__Supplied material__:

☆ ☆ ☆

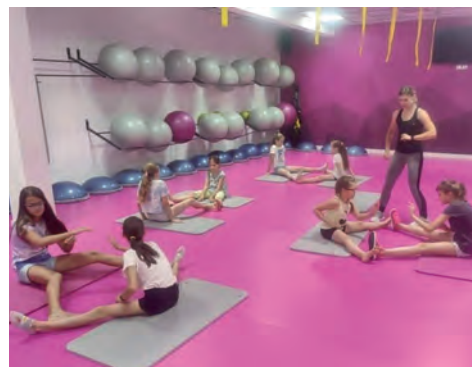
Fitness dla dzieci.

działek i środę są to zajęcia z jogi, natomiast we wtorek i czwartek odbywają się zajęcia rekreacyjno-ruchowe. Obie formy aktywności cieszą się dużym zainteresowaniem i mieszkańcy Gminy Raszyn chętnie z nich korzystają.
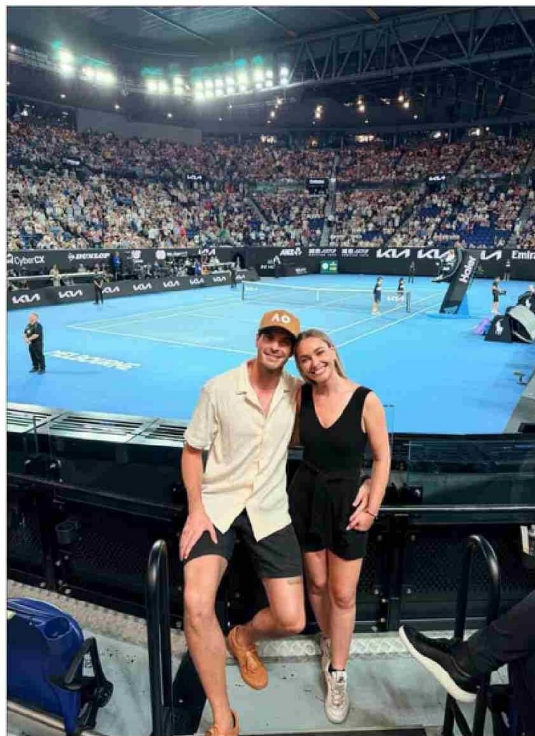
La actriz junto a su futuro marido.
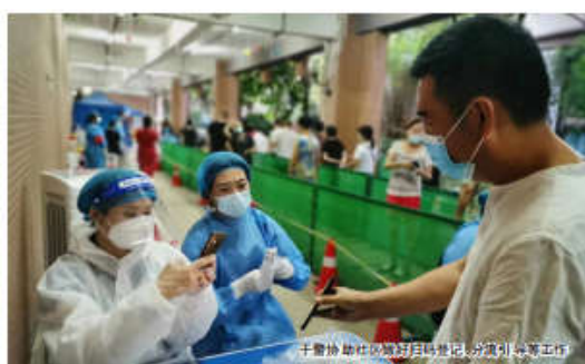
干警协助社区做好扫码登记、分流引导等工作 “穿上防护服,隔离衣,戴上红袖套的那一刻,使命感油然而生,在持续的高温天气下,汗水打湿了衣服,裤子,虽然很热很累很辛苦,但一想到能为抗疫尽微薄之力便干劲昂扬,相信我们一定可以战胜疫情。”南岸区法院执行局的党员干警说道。

☆ ☆ ☆

__Task to carry out__:
With the pictures removed, write out exactly the lines from the line containing "La actriz junto a su futuro marido." through the last line of the material above, both included.

__Task solution__:
La actriz junto a su futuro marido.
干警协助社区做好扫码登记、分流引导等工作 “穿上防护服,隔离衣,戴上红袖套的那一刻,使命感油然而生,在持续的高温天气下,汗水打湿了衣服,裤子,虽然很热很累很辛苦,但一想到能为抗疫尽微薄之力便干劲昂扬,相信我们一定可以战胜疫情。”南岸区法院执行局的党员干警说道。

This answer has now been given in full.